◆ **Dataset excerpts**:
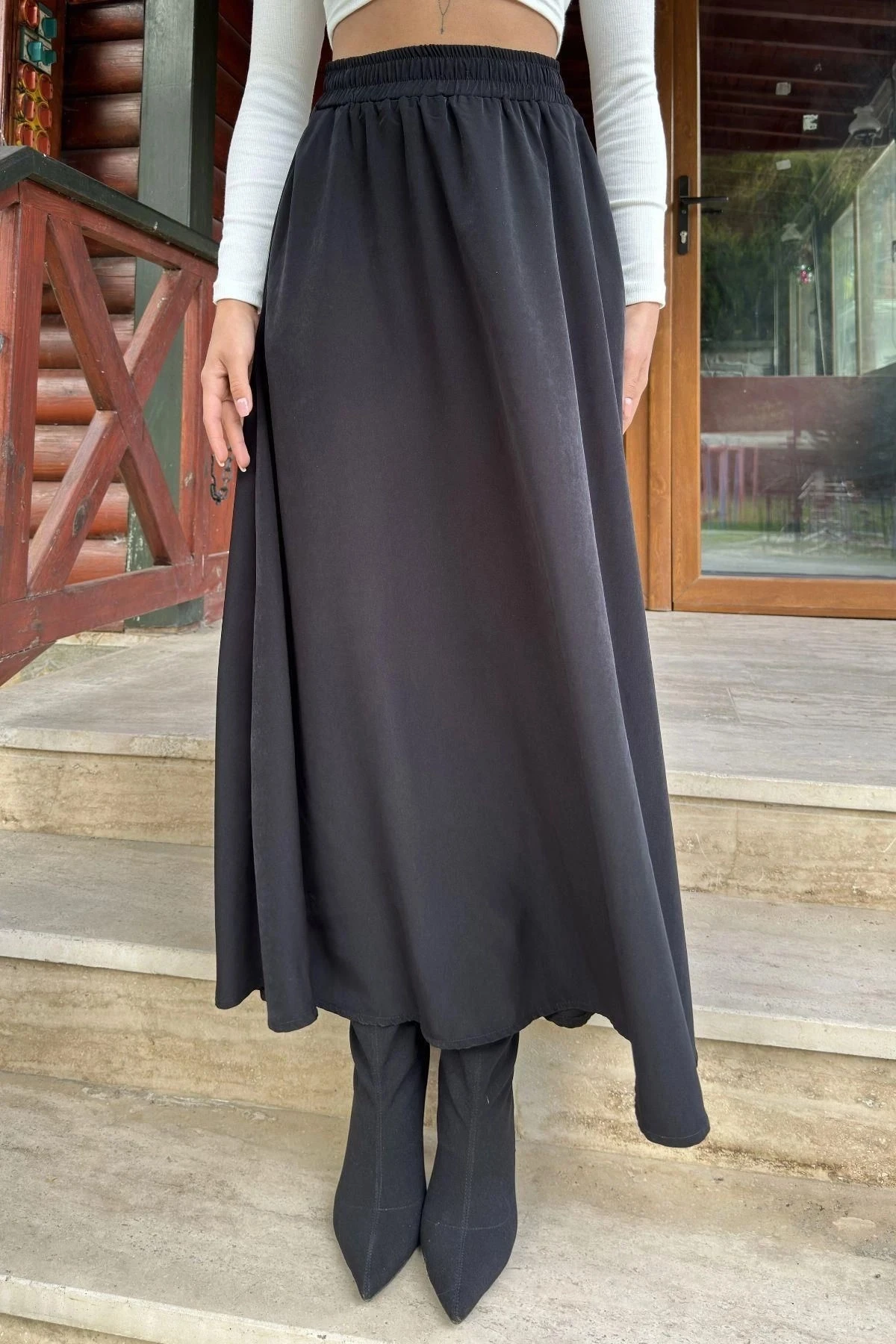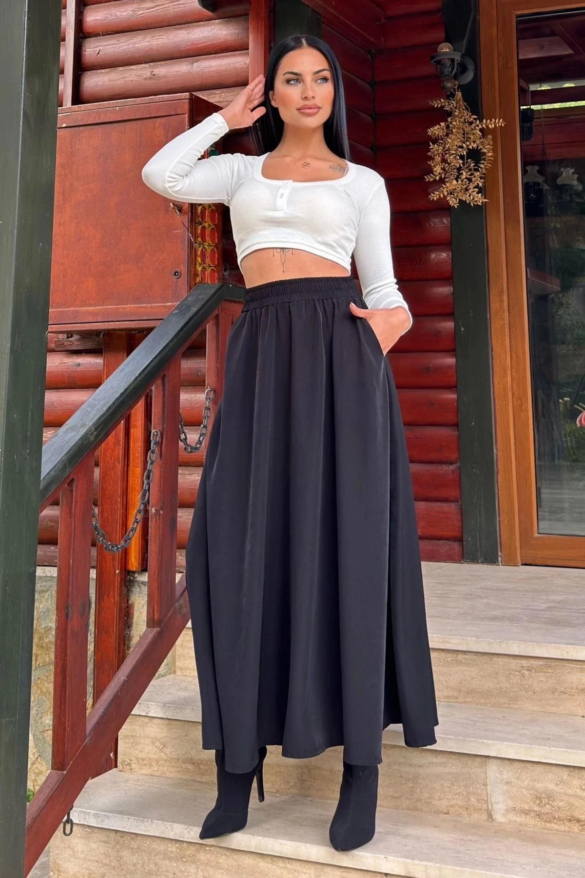 Siyah Lastikli Yüksek Bel, A Kesim, Dökümlü Ve Salaş, Uzun Kupra Etek
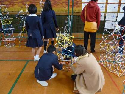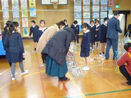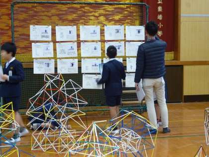 土曜日に引き続き、昭和設計の方々が5・6年生の作品「みんな小さな建築家」を見に来てくださいました。
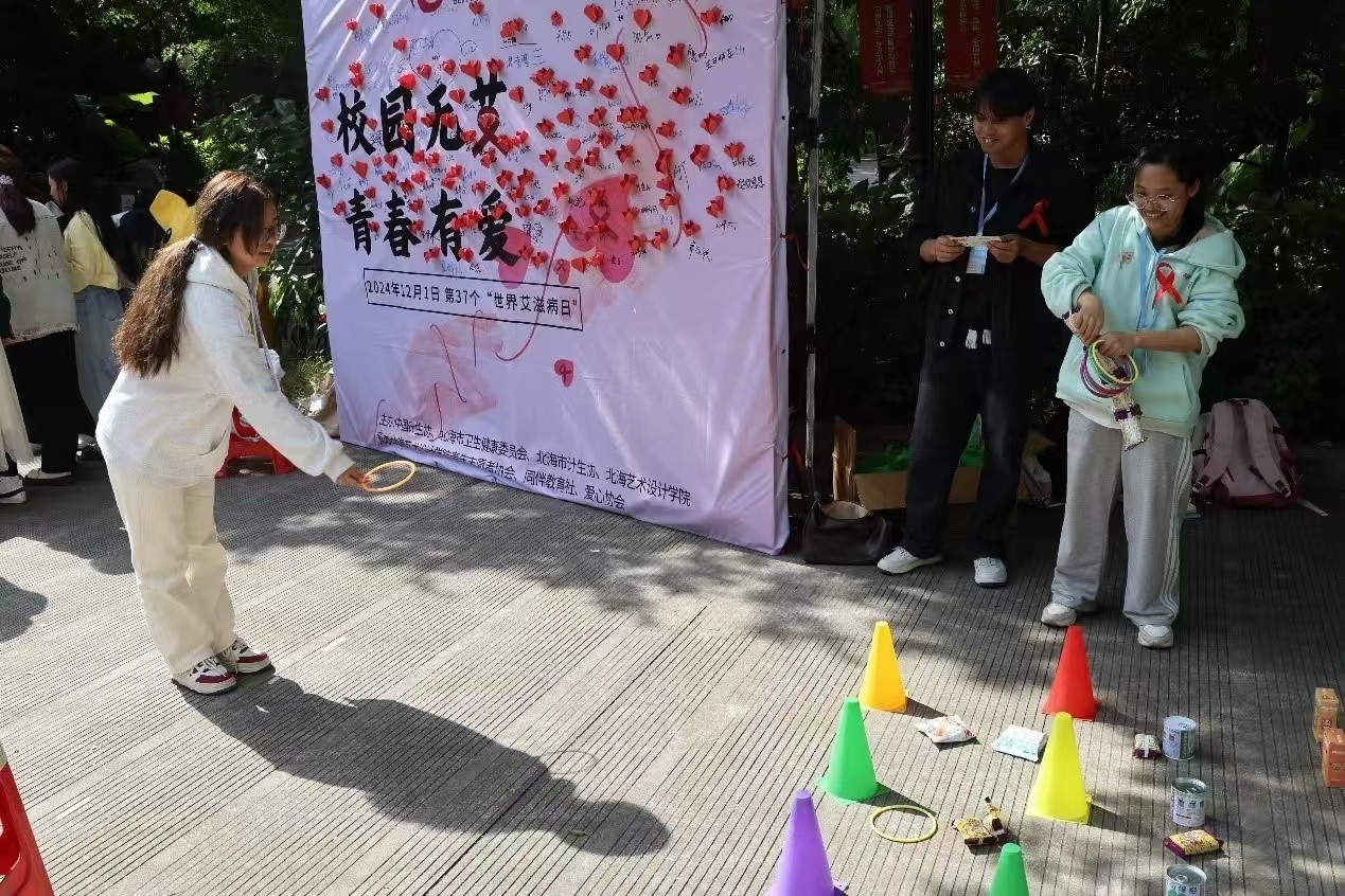 在伦理楼前,通过“艾”的抱抱、“艾”变成“爱”、“艾”的预防,“爱”的传播、“艾”的圈套等多个互动小游戏,号召更多同学加入知“爱”防“艾”的行动中来,表达了爱的传递与流动,呼吁在这个充满“爱”的校园里,提升预防“艾”的能力。在游戏结束后,部分同学还积极分享了自己对于艾滋病的认识与看法,在校园内营造了一种积极向上、充满爱的氛围,呼吁同学们用实际行动传递“爱”。
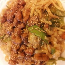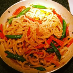 3In a microwave-safe bowl, combine the green, red, and yellow peppers with green onion and peas. Heat in the microwave until warm, but still crisp. Add to the noodles in the bowl, and pour the dressing over all. Toss to coat everything in dressing, then sprinkle toasted sesame seeds over the top.
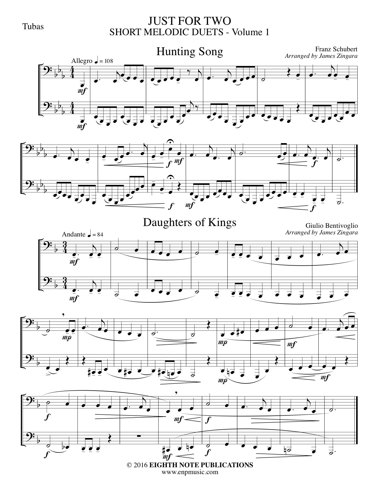 The material in these duets have been taken from a variety of public domain sources including vocal duets and instrumental works for strings, horns, flutes and even bagpipes(!); composers represent both the well-known and the quite obscure. The difficulty level of these duets ranges from quite easy to intermediate with the emphasis of relatively simple melodies in which shaping, phrasing and intonation are the primary challenges.

◆ **TASK REQUIREMENTS**: Please give back every line above exactly as it stands, without pictures.

◆ **EXERCISE RESULT**:
 Siyah Lastikli Yüksek Bel, A Kesim, Dökümlü Ve Salaş, Uzun Kupra Etek
 土曜日に引き続き、昭和設計の方々が5・6年生の作品「みんな小さな建築家」を見に来てくださいました。
 在伦理楼前,通过“艾”的抱抱、“艾”变成“爱”、“艾”的预防,“爱”的传播、“艾”的圈套等多个互动小游戏,号召更多同学加入知“爱”防“艾”的行动中来,表达了爱的传递与流动,呼吁在这个充满“爱”的校园里,提升预防“艾”的能力。在游戏结束后,部分同学还积极分享了自己对于艾滋病的认识与看法,在校园内营造了一种积极向上、充满爱的氛围,呼吁同学们用实际行动传递“爱”。
 3In a microwave-safe bowl, combine the green, red, and yellow peppers with green onion and peas. Heat in the microwave until warm, but still crisp. Add to the noodles in the bowl, and pour the dressing over all. Toss to coat everything in dressing, then sprinkle toasted sesame seeds over the top.
 The material in these duets have been taken from a variety of public domain sources including vocal duets and instrumental works for strings, horns, flutes and even bagpipes(!); composers represent both the well-known and the quite obscure. The difficulty level of these duets ranges from quite easy to intermediate with the emphasis of relatively simple melodies in which shaping, phrasing and intonation are the primary challenges.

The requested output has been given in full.